On Fri, Dec 16, 2022 at 8:20 PM Peter Delevoryas <peter@....dev> wrote:
>
>
>
> > On Dec 16, 2022, at 10:29 AM, Alexander Duyck <alexander.duyck@...il.com> wrote:
> >
> > On Thu, Dec 15, 2022 at 5:08 PM Peter Delevoryas <peter@....dev> wrote:
> >>
> >>
> >>
> >>> On Dec 13, 2022, at 8:41 AM, Alexander H Duyck <alexander.duyck@...il.com> wrote:
> >>>
> >>> On Mon, 2022-12-12 at 16:47 -0800, Peter Delevoryas wrote:

<...>

> >
> >>> My main
> >>> concern would be that the dev_addr is not initialized for those first
> >>> few messages so you may be leaking information.
> >>>
> >>>> This might have the effect of causing the NIC to learn 2 MAC addresses from
> >>>> an NC-SI link if the BMC uses OEM Get MAC Address commands to change its
> >>>> initial MAC address, but it shouldn't really matter. Who knows if NIC's
> >>>> even have MAC learning enabled from the out-of-band BMC link, lol.
> >>>>
> >>>> [1]: https://tinyurl.com/4933mhaj
> >>>> [2]: https://tinyurl.com/mr3tyadb
> >>>
> >>> The thing is the OpenBMC approach initializes the value themselves to
> >>> broadcast[3]. As a result the two code bases are essentially doing the
> >>> same thing since mac_addr is defaulted to the broadcast address when
> >>> the ncsi interface is registered.
> >>
> >> That’s a very good point, thanks for pointing that out, I hadn’t
> >> even noticed that!
> >>
> >> Anyways, let me know what you think of the traces I added above.
> >> Sorry for the delay, I’ve just been busy with some other stuff,
> >> but I do really actually care about upstreaming this (and several
> >> other NC-SI changes I’ll submit after this one, which are unrelated
> >> but more useful).
> >>
> >> Thanks,
> >> Peter
> >
> > So the NC-SI spec says any value can be used for the source MAC and
> > that broadcast "may" be used. I would say there are some debugging
> > advantages to using broadcast that will be obvious in a packet trace.
>
> Ehhhhh yeah I guess, but the ethertype is what I filter for. But sure,
> a broadcast source MAC is pretty unique too.
>
> > I wonder if we couldn't look at doing something like requiring
> > broadcast or LAA if the gma_flag isn't set.
>
> What is LAA? I’m out of the loop

Locally administered MAC address[4]. Basically it is a MAC address
that is generated locally such as your random MAC address.

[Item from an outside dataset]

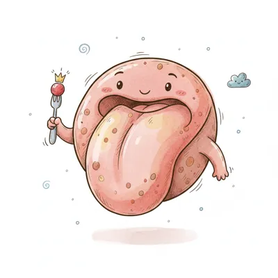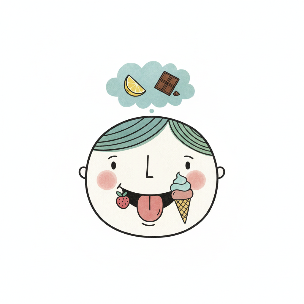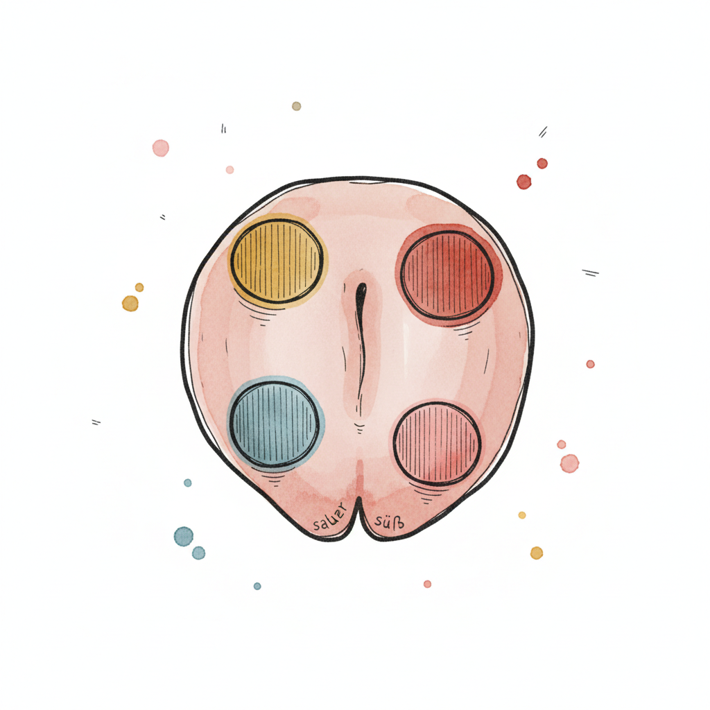 Aquarell-Illustration einer Zunge mit farbigen Geschmackszonen, beschriftet mit 'sauer' und 'süß'.

Assuming
the other end of the NC-SI link is using a MAC address with a vendor
OUI there should be no risk of collisions on a point-to-point link.
Essentially if you wanted to you could probably just generate a random
MAC address for the NCSI protocol and then use that in place of the
broadcast address.

> But also: aren’t we already using broadcast if the gma_flag isn’t set?
>
> -       if (nca->ndp->gma_flag == 1)
> -               memcpy(eh->h_source, nca->ndp->ndev.dev->dev_addr, ETH_ALEN);
> -       else
> -               eth_broadcast_addr(eh->h_source);
> +       memcpy(eh->h_source, nca->ndp->ndev.dev->dev_addr, ETH_ALEN);

That I am not sure about. You were using this kernel without your
patch right? With your patch it would make sense to see that behavior,
but without I am not sure why you would see that address for any NC-SI
commands before the gma_flag is set.

>
> > With that we could at
> > least advertise that we don't expect this packet to be going out in a
> > real network as we cannot guarantee the MAC is unique.
>
> Yeah, but it probably wouldn’t help my simulation scenario.
>
> I guess it sounds like this patch is not a good idea, which to be fair,
> is totally reasonable.
>
> I can just add some iptables rules to tunnel these packets with a different
> source MAC, or fix the multicast socket issue I was having. It’s really
> not a big deal, and like you’re saying, we probably don’t want to make
> it harder to maintain _forever_.

Like I said before I would be good with either a Broadcast address OR
a LAA address. The one thing we need to watch out for though is any
sort of leak. One possible concern would be if for example you had 4
ports using 4 different MAC addresses but one BMC. You don't want to
accidently leak the MAC address from one port onto the other one. With
a LAA address if it were to leak and screw up ARP tables somewhere it
wouldn't be a big deal since it isn't expected to be switched in the
first place.

> I would just suggest praying for the next guy that tries to test NC-SI
> stuff with QEMU and finds out NC-SI traffic gets dropped by bridges.
> I had to resort to reading the source code and printing stuff with
> BPF to identify this. Maybe it’s more obvious to other people this wouldn’t
> work though.

Well it seems like NC-SI isn't meant to be bridged based on the fact
that it is using a broadcast MAC address as a source. If nothing else
I suppose you could try to work with the standards committee on that
to see what can be done to make the protocol more portable.. :-)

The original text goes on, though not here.